Work task: Exactly the lines below, starting with the one containing "FINISH SALT 2KG" and going on through the one containing "Microprocessor Based pH Meter", must be reproduced, both ends included, and no pictures with them.
====== Records to process
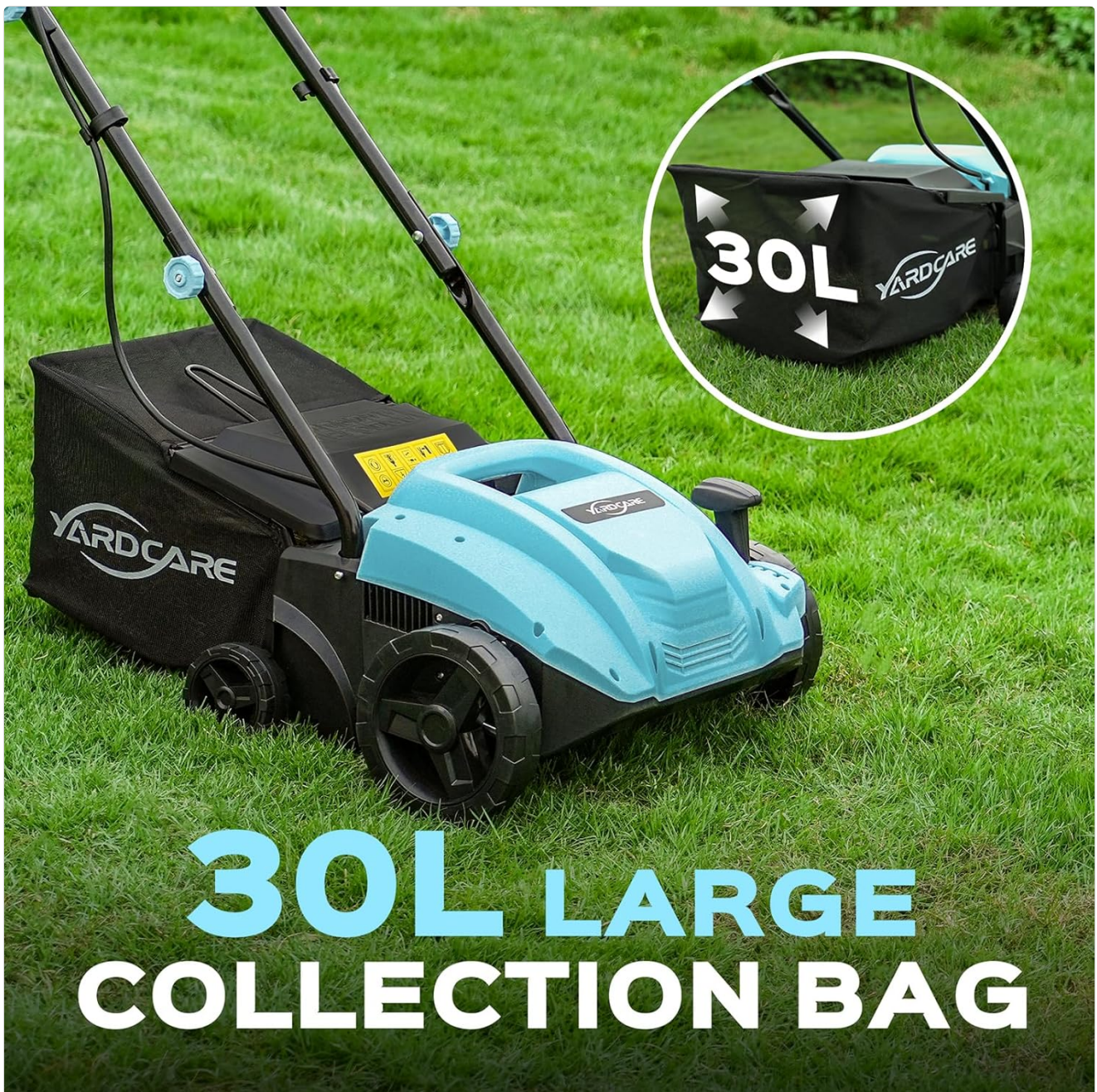
Figure 5: YARDCARE dethatcher with 30L collection bag in operation.
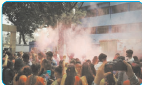
Celebration of Basanta Utsav
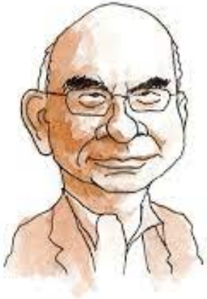
Tim Keller Author/Pastor
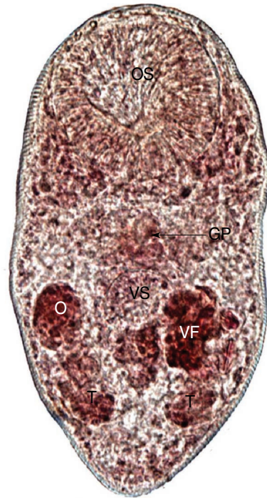
Fig. 3. An adult worm of Parvatrema duboisi from the intestine of a great knot. Note that the vitelline follicle (VF) is present as a single mass. OS, oral sucker; VS, ventral sucker; GP, genital pore; O, ovary; T, testis. Bar = 30 μm.

Total 79 Parvatrema specimens were collected from the intestines of birds, and the taxonomic analysis revealed 2 species of Parvatrema ; 27 (1 species) from the great knot and 52 (another species) from the Mongolian plover. The former species had the following morphologic characteristics (Fig. 3). Body tiny and ovoid, 289 (198-410) μm long and 162 (123-228) μm wide at the midbody. Oral sucker subterminal, large and muscular, 90 (75-120) by 93 (75-113) μm in size. Ceca short, and genital pore, a slit-like opening, was at some distance from the ventral sucker. Ventral pit absent. Ventral sucker round, located posterior to midline, 46 (30-58) by 46 (28-65) μm. Sucker ratio (OS/VS) 2 : 1. Seminal vesicle anterodextral to the ventral suck-
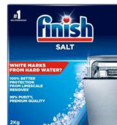
FINISH SALT 2KG
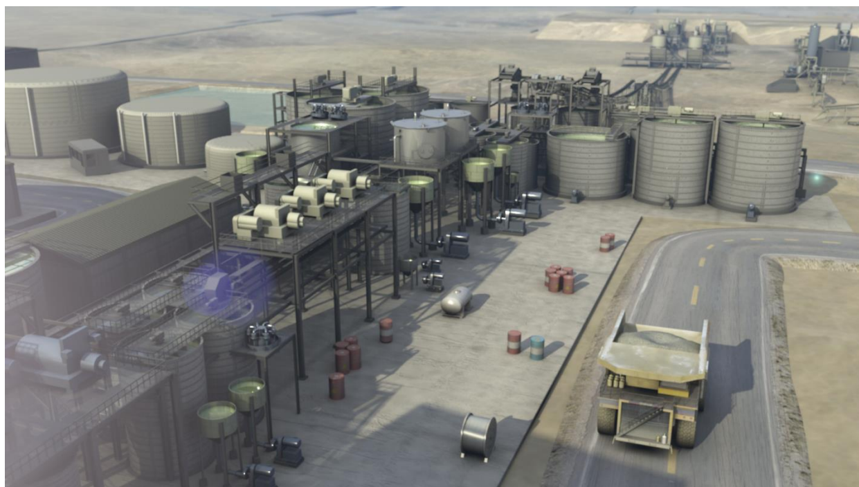
Figure 1: Colluli Process Plant Design
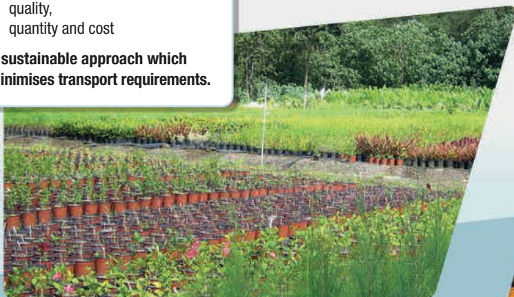
Nursery at the Moorea Green Pearl Golf Course French Polynesia
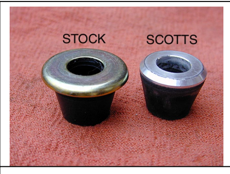
Use our replacement cones on the bottom
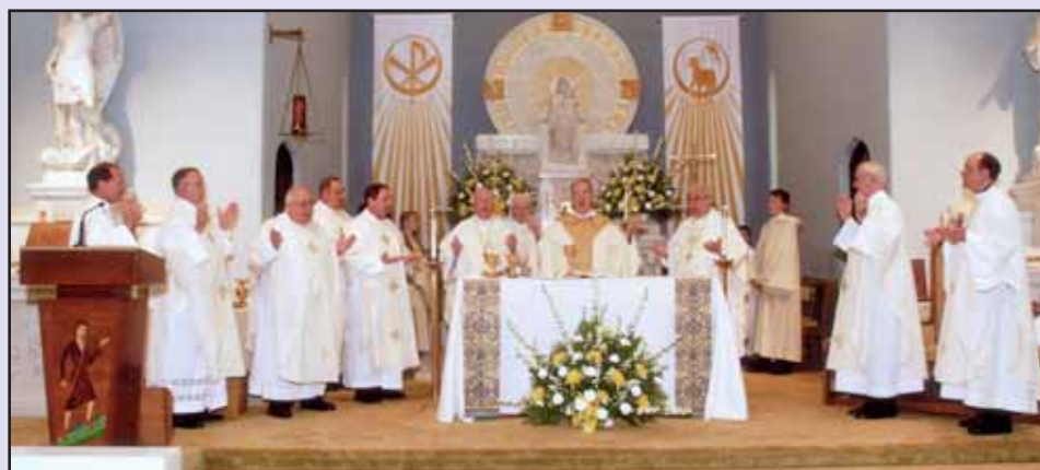
Celebrants and attending clergy celebrate at the Consecration of the Mass.
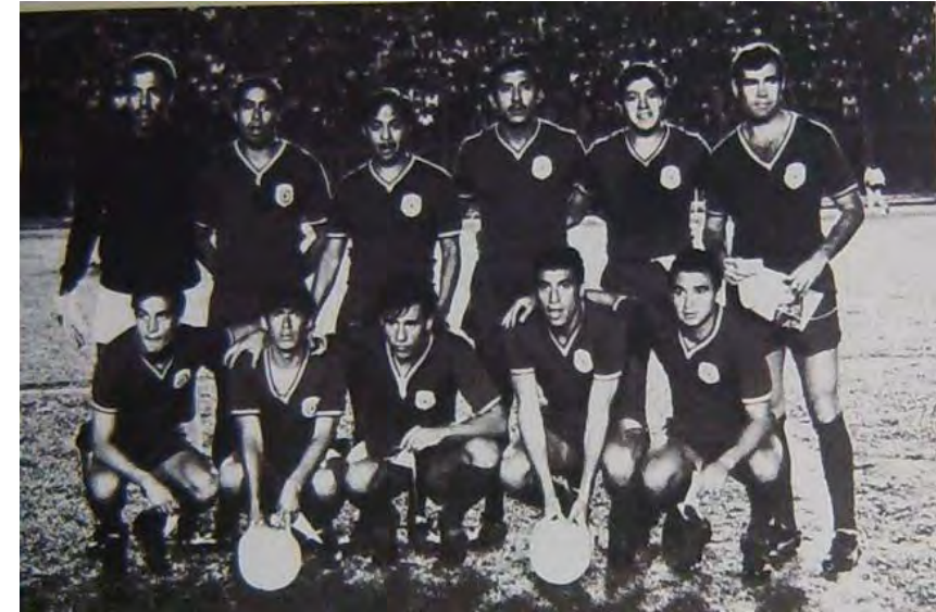
Cruz Azul wins its first Champions' Cup in '69
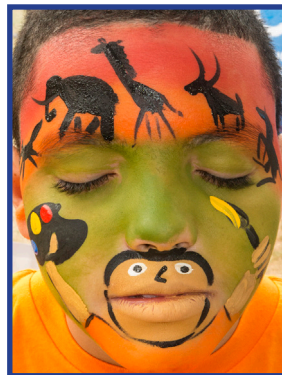
ARTIST PAINTING ANIMALS
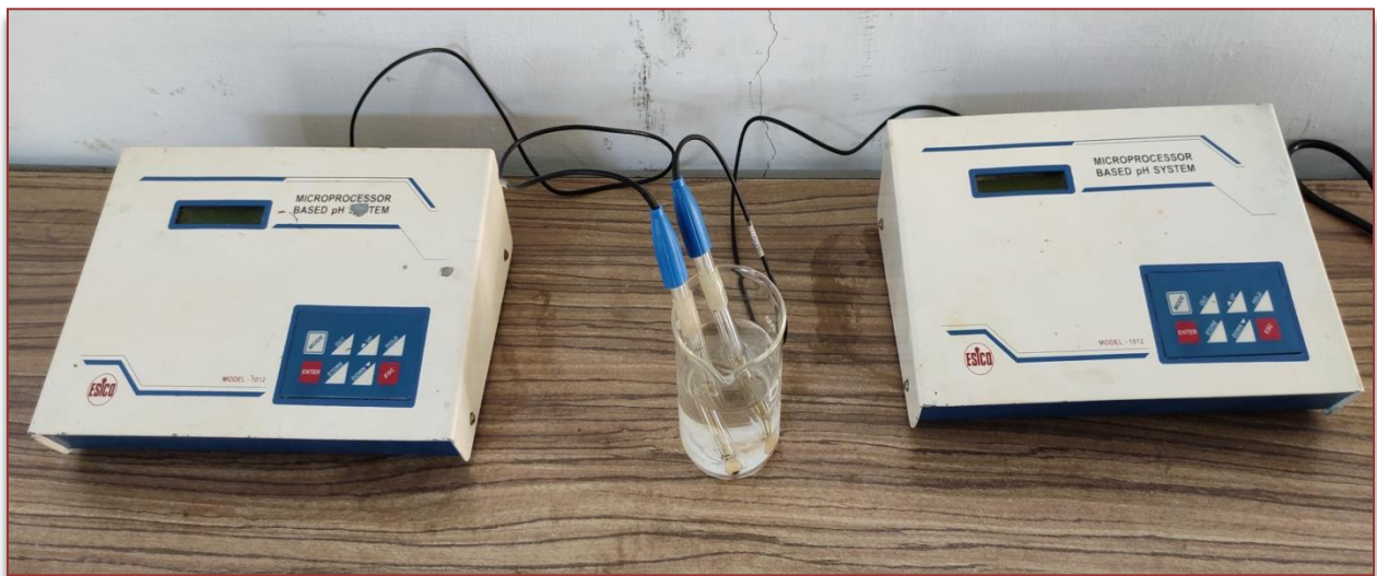
Microprocessor Based pH Meter
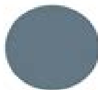
Benjamin Moore Stillwater
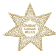
Colegio de Abogados de Lima Sur Peru
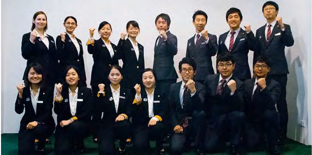
UPA students take a group photo at the finale of their closing ceremony

The Universal Peace Academy's (UPA) United States Heritage Tour culminated with a graduation ceremony for the 16 cadets on February 5, 2014 at the Learning Center on 43rd Street, NY. Along with testimonies and speeches, the participants viewed a slide presentation which highlighted their tour across the country from churches to national parks.
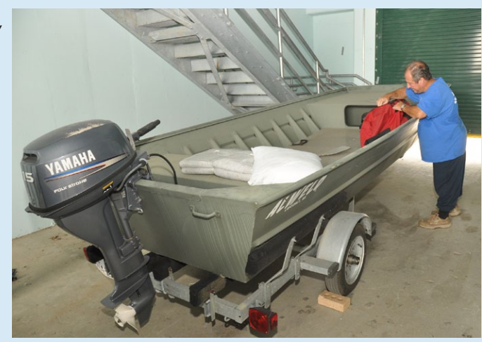
Faciilities have been equipped with boats to use for possible flooding.

At all of the many neighborhood, community, civic and business meetings S&WB teams attended, a prime concern of citizens was the Board's readiness for storms. Staff assured them that everyone knows what to do and when to do it and, yet, the Boards' plan was flexible enough to quickly adjust to unforeseen challenges. The citizens of New Orleans can be confident that the Boards' first responders are ready to go into action when needed.
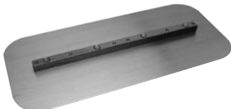
Flat Finish Power Trowel Blades-Round Corners— 8 X 18 (20,32cm X 45,72cm) EDI Number 17343 Part Number M7343
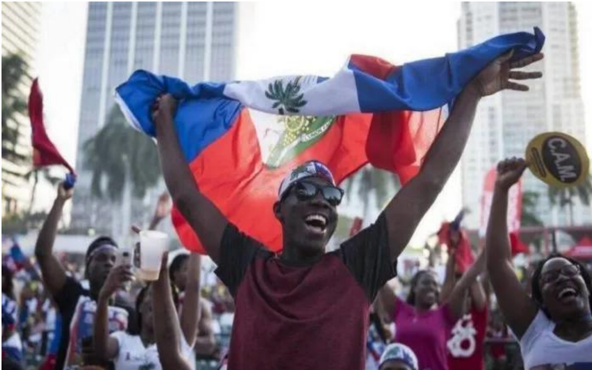
© Copyright: Haitian Times. A Haitian migrant celebrating the Haitian Kompa Music Festival in Miami. Photo Retrieved on July 7 th , 2023.
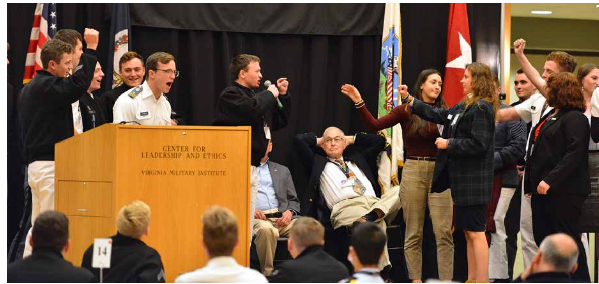
Leadership Conference participants perform a skit acting out a civil debate on a controversial topic in the Hall of Valor Nov. 2.

The first guest speaker the audience heard from was Amy Chua,
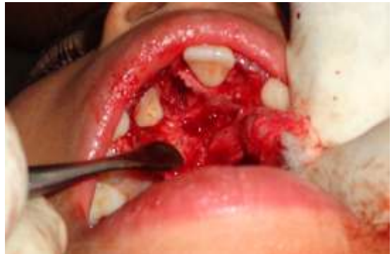
Figure 5. Empty extraction socket after extraction of mesiodens. Note palatally placed right central incisor.
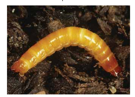
A wire worm Athous haemorrhoidalis.

These are rarely a problem, but they may gnaw the stems of young or weak seedlings at ground level. Avoid mulching very young plants as this gives woodlice cover. Woodlice have very weak jaws and are unable to attack older transplants.
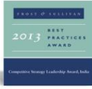
FROST & SULLIVAN 2013 BEST PRACTICES AWARD Corporate Strategy Leadership Award, India
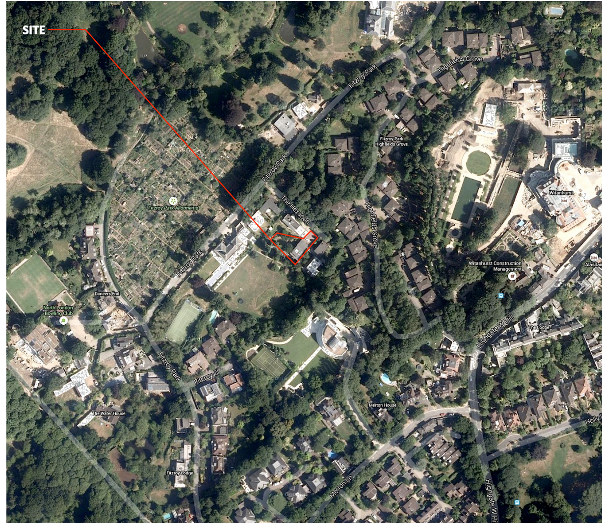
AERIAL VIEW
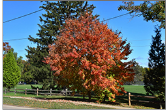
Ruby Frost Red Maple in fall
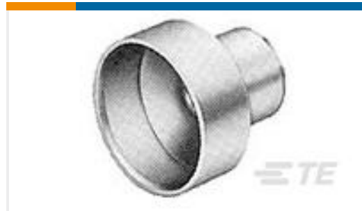
TE Part #3-747579-4 SHLDNG FERRULE, PLTD, BULK PKG
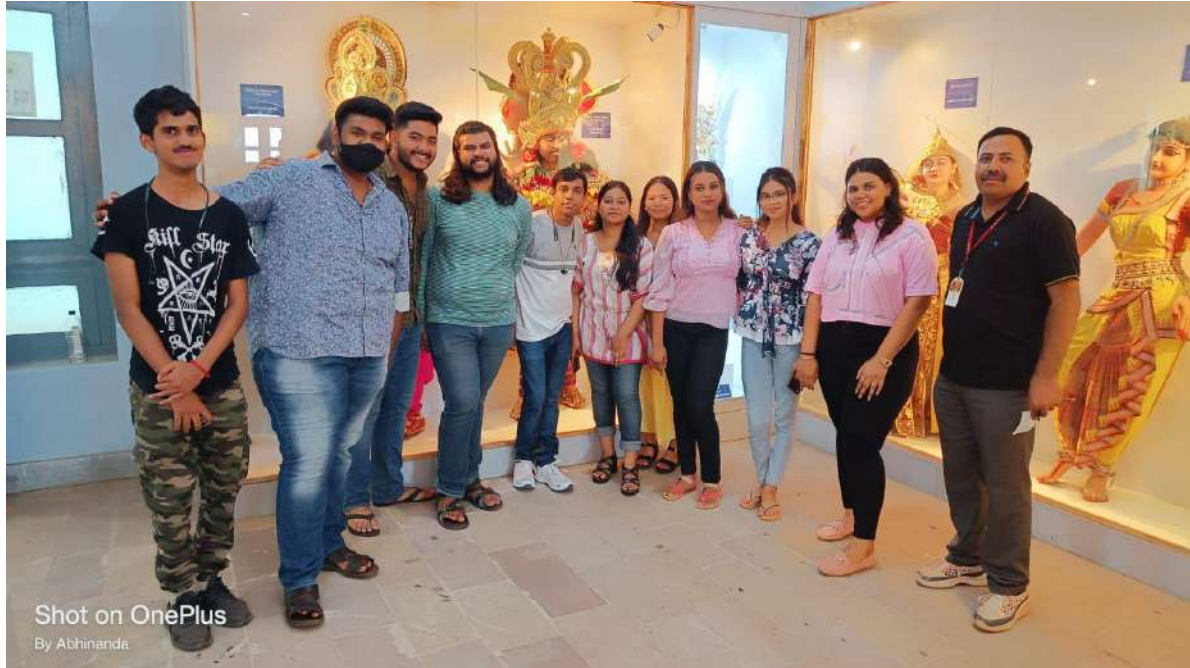
Plate 4. Students visiting the Maritime Museum at Cuttack, Odisha
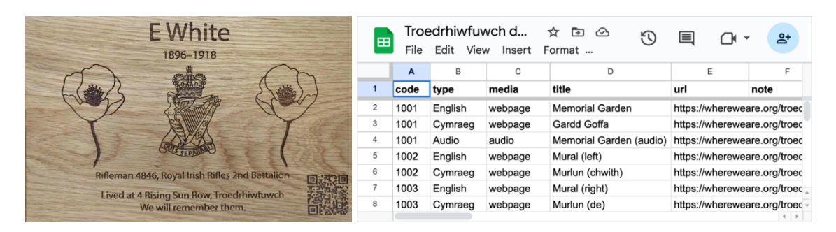
Figure 3: Final installation in Troedrhiwfuwch Memorial Garden: (left) Laser-cut plaque; (right) Configuration spreadsheet in Google Docs;

As noted, we wanted to be able to easily reconfigure the Memorial Garden both to future proof the installation and also to create a research infrastructure for more innovative projects. The final embodiment has been installed with a planned life of at least 10 years.
============
Solution for this exercise:
FINISH SALT 2KG
Figure 1: Colluli Process Plant Design
Nursery at the Moorea Green Pearl Golf Course French Polynesia
Use our replacement cones on the bottom
Celebrants and attending clergy celebrate at the Consecration of the Mass.
Cruz Azul wins its first Champions' Cup in '69
ARTIST PAINTING ANIMALS
Microprocessor Based pH Meter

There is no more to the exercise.